Task requirements
Each line of the data below should be repeated exactly.

Source data
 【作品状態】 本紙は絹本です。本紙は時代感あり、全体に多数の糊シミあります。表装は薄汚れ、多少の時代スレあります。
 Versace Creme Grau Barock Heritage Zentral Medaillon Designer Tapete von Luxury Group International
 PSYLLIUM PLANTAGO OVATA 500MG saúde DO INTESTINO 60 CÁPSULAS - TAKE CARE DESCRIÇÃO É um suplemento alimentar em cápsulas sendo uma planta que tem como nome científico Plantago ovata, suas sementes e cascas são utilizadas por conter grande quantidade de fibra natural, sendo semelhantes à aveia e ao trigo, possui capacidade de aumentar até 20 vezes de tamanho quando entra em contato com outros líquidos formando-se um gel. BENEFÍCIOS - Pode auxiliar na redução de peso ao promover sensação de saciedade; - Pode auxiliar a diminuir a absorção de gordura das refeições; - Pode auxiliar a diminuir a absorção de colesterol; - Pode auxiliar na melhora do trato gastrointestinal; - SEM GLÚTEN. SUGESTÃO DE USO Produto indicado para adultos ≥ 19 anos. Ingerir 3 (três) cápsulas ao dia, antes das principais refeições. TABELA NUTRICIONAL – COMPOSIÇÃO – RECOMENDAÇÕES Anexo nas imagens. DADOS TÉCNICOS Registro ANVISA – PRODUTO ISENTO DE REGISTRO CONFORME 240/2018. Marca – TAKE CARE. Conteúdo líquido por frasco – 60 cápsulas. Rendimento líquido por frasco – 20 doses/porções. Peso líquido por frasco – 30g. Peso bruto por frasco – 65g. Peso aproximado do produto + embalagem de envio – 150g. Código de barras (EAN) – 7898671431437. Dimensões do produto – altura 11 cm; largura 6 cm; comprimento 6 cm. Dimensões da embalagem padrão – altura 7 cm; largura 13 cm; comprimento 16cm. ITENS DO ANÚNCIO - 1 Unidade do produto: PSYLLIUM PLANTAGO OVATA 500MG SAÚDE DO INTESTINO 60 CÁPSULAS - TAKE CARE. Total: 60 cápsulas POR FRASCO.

Output for this task
 【作品状態】 本紙は絹本です。本紙は時代感あり、全体に多数の糊シミあります。表装は薄汚れ、多少の時代スレあります。
 Versace Creme Grau Barock Heritage Zentral Medaillon Designer Tapete von Luxury Group International
 PSYLLIUM PLANTAGO OVATA 500MG saúde DO INTESTINO 60 CÁPSULAS - TAKE CARE DESCRIÇÃO É um suplemento alimentar em cápsulas sendo uma planta que tem como nome científico Plantago ovata, suas sementes e cascas são utilizadas por conter grande quantidade de fibra natural, sendo semelhantes à aveia e ao trigo, possui capacidade de aumentar até 20 vezes de tamanho quando entra em contato com outros líquidos formando-se um gel. BENEFÍCIOS - Pode auxiliar na redução de peso ao promover sensação de saciedade; - Pode auxiliar a diminuir a absorção de gordura das refeições; - Pode auxiliar a diminuir a absorção de colesterol; - Pode auxiliar na melhora do trato gastrointestinal; - SEM GLÚTEN. SUGESTÃO DE USO Produto indicado para adultos ≥ 19 anos. Ingerir 3 (três) cápsulas ao dia, antes das principais refeições. TABELA NUTRICIONAL – COMPOSIÇÃO – RECOMENDAÇÕES Anexo nas imagens. DADOS TÉCNICOS Registro ANVISA – PRODUTO ISENTO DE REGISTRO CONFORME 240/2018. Marca – TAKE CARE. Conteúdo líquido por frasco – 60 cápsulas. Rendimento líquido por frasco – 20 doses/porções. Peso líquido por frasco – 30g. Peso bruto por frasco – 65g. Peso aproximado do produto + embalagem de envio – 150g. Código de barras (EAN) – 7898671431437. Dimensões do produto – altura 11 cm; largura 6 cm; comprimento 6 cm. Dimensões da embalagem padrão – altura 7 cm; largura 13 cm; comprimento 16cm. ITENS DO ANÚNCIO - 1 Unidade do produto: PSYLLIUM PLANTAGO OVATA 500MG SAÚDE DO INTESTINO 60 CÁPSULAS - TAKE CARE. Total: 60 cápsulas POR FRASCO.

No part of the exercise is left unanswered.